The optical unit of the present invention may be embodied in a unit including a mirror other than the fly-eye mirrors 48 and 56 and a temperature adjustment mechanism that adjusts the temperature of the other mirror.
In each embodiment, the exposure apparatus 11 manufactures a reticle or mask used in not only a microdevice such as a semiconductor element but also a light exposure apparatus, an EUV exposure apparatus, an X-ray exposure apparatus, and an electron beam exposure apparatus. Therefore, an exposure apparatus that transfers a circuit pattern from a mother reticle to a glass substrate or a silicon wafer may be used. The exposure apparatus 11 is used for manufacturing a display including a liquid crystal display element (LCD) and the like, and is used for manufacturing an exposure apparatus that transfers a device pattern onto a glass plate, a thin film magnetic head, and the like. It may be an exposure apparatus that transfers to a wafer or the like, and an exposure apparatus that is used to manufacture an image sensor such as a CCD.
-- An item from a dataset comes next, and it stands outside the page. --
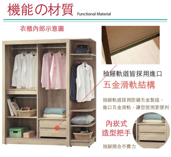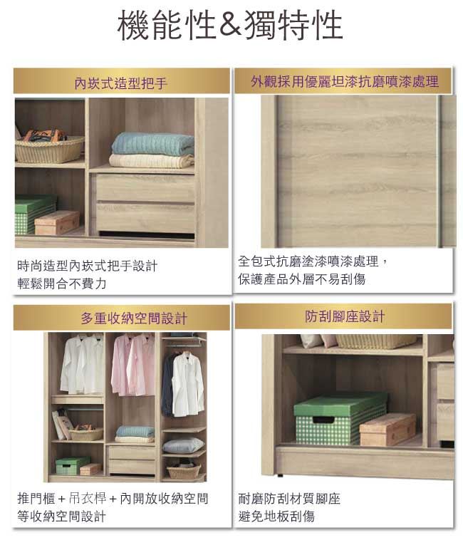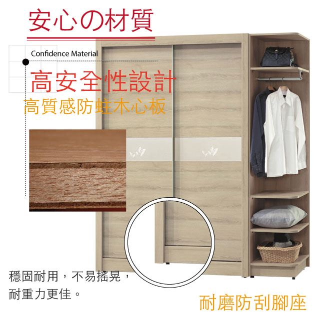 商品 介紹 | 【綠家居】布拉柴 時尚6.5尺推門衣櫃/收納櫃組合 白橡木紋色+現代簡約風格+安心材質製造,整體採用防蛀木心板+五金滑軌結構+防潮耐磨腳座等安心材質製造,搭配採用推門櫃+吊衣桿+三抽屜(含多宮格收納抽屜)+內開放式收納層格等收納空間設計,全由專人配送到家,專業安心服務,替你省下更多時間! 【商品特色】 白橡木紋色+現代簡約風格+安心材質製造,使用放心+搭配居家更便利 採用防蛀木心板+五金滑軌結構+防潮耐磨腳座等安心材質製造 採用推門櫃+吊衣桿+三抽屜(含多宮格收納抽屜)+內開放式收納層格等收納空間設計 此商品不需要DIY組立,此商品為組立後之成品 品質保證、專業設計、貼心服務 全由專人配送到家,專業安心服務,替您省下更多時間 |
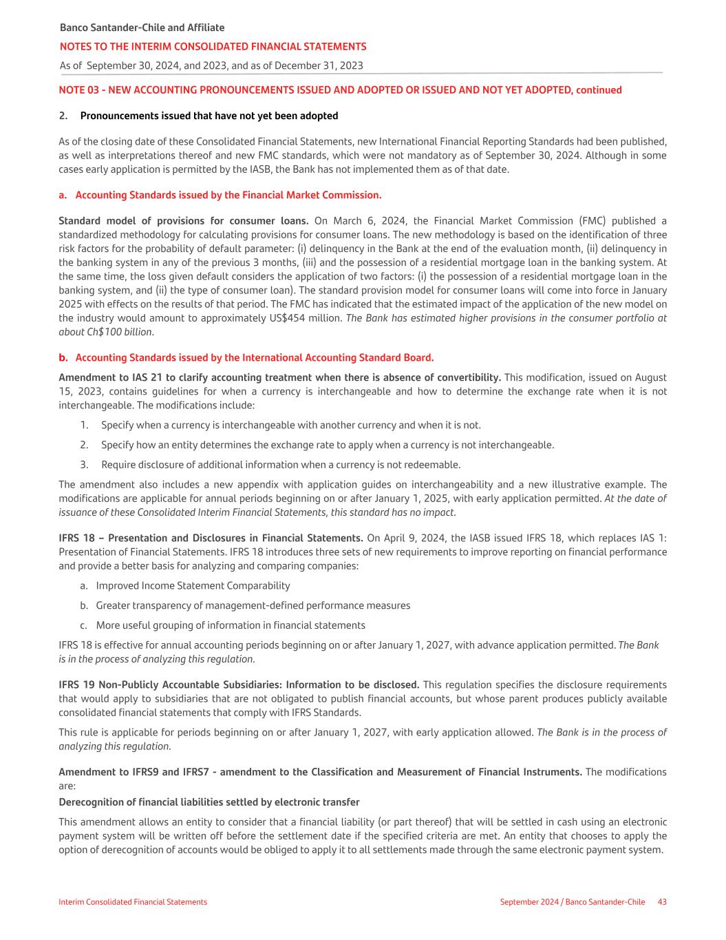 NOTE 03 - NEW ACCOUNTING PRONOUNCEMENTS ISSUED AND ADOPTED OR ISSUED AND NOT YET ADOPTED, continued 2. Pronouncements issued that have not yet been adopted As of the closing date of these Consolidated Financial Statements, new International Financial Reporting Standards had been published, as well as interpretations thereof and new FMC standards, which were not mandatory as of September 30, 2024. Although in some cases early application is permitted by the IASB, the Bank has not implemented them as of that date. a. Accounting Standards issued by the Financial Market Commission. Standard model of provisions for consumer loans. On March 6, 2024, the Financial Market Commission (FMC) published a standardized methodology for calculating provisions for consumer loans. The new methodology is based on the identification of three risk factors for the probability of default parameter: (i) delinquency in the Bank at the end of the evaluation month, (ii) delinquency in the banking system in any of the previous 3 months, (iii) and the possession of a residential mortgage loan in the banking system. At the same time, the loss given default considers the application of two factors: (i) the possession of a residential mortgage loan in the banking system, and (ii) the type of consumer loan). The standard provision model for consumer loans will come into force in January 2025 with effects on the results of that period. The FMC has indicated that the estimated impact of the application of the new model on the industry would amount to approximately US$454 million. The Bank has estimated higher provisions in the consumer portfolio at about Ch$100 billion. b. Accounting Standards issued by the International Accounting Standard Board. Amendment to IAS 21 to clarify accounting treatment when there is absence of convertibility. This modification, issued on August 15, 2023, contains guidelines for when a currency is interchangeable and how to determine the exchange rate when it is not interchangeable. The modifications include: 1. Specify when a currency is interchangeable with another currency and when it is not. 2. Specify how an entity determines the exchange rate to apply when a currency is not interchangeable. 3. Require disclosure of additional information when a currency is not redeemable. The amendment also includes a new appendix with application guides on interchangeability and a new illustrative example. The modifications are applicable for annual periods beginning on or after January 1, 2025, with early application permitted. At the date of issuance of these Consolidated Interim Financial Statements, this standard has no impact. IFRS 18 – Presentation and Disclosures in Financial Statements. On April 9, 2024, the IASB issued IFRS 18, which replaces IAS 1: Presentation of Financial Statements. IFRS 18 introduces three sets of new requirements to improve reporting on financial performance and provide a better basis for analyzing and comparing companies: a. Improved Income Statement Comparability b. Greater transparency of management-defined performance measures c. More useful grouping of information in financial statements IFRS 18 is effective for annual accounting periods beginning on or after January 1, 2027, with advance application permitted. The Bank is in the process of analyzing this regulation. IFRS 19 Non-Publicly Accountable Subsidiaries: Information to be disclosed. This regulation specifies the disclosure requirements that would apply to subsidiaries that are not obligated to publish financial accounts, but whose parent produces publicly available consolidated financial statements that comply with IFRS Standards. This rule is applicable for periods beginning on or after January 1, 2027, with early application allowed. The Bank is in the process of analyzing this regulation. Amendment to IFRS9 and IFRS7 - amendment to the Classification and Measurement of Financial Instruments. The modifications are: Derecognition of financial liabilities settled by electronic transfer This amendment allows an entity to consider that a financial liability (or part thereof) that will be settled in cash using an electronic payment system will be written off before the settlement date if the specified criteria are met. An entity that chooses to apply the option of derecognition of accounts would be obliged to apply it to all settlements made through the same electronic payment system. Banco Santander-Chile and Affiliate NOTES TO THE INTERIM CONSOLIDATED FINANCIAL STATEMENTS As of September 30, 2024, and 2023, and as of December 31, 2023 Interim Consolidated Financial Statements September 2024 / Banco Santander-Chile 43

  In each embodiment, the EUV light generating material used in the light source device 12 may be gaseous tin (Sn), or liquid or solid tin. Xenon (Xe) may be used as the EUV light generating substance.

In each embodiment, the light source device 12 may be a device having a discharge plasma light source.
In each embodiment, the light source device 12 includes, for example, g-line (436 nm), i-line (365 nm), KrF excimer laser (248 nm), F ₂ laser (157 nm), Kr ₂ laser (146 nm), Ar ₂ laser (126 nm) Or the like. The light source device 12 amplifies the infrared or visible single wavelength laser light oscillated from the DFB semiconductor laser or fiber laser, for example, with a fiber amplifier doped with erbium (or both erbium and ytterbium). Alternatively, a light source capable of supplying harmonics converted into ultraviolet light using a nonlinear optical crystal may be used.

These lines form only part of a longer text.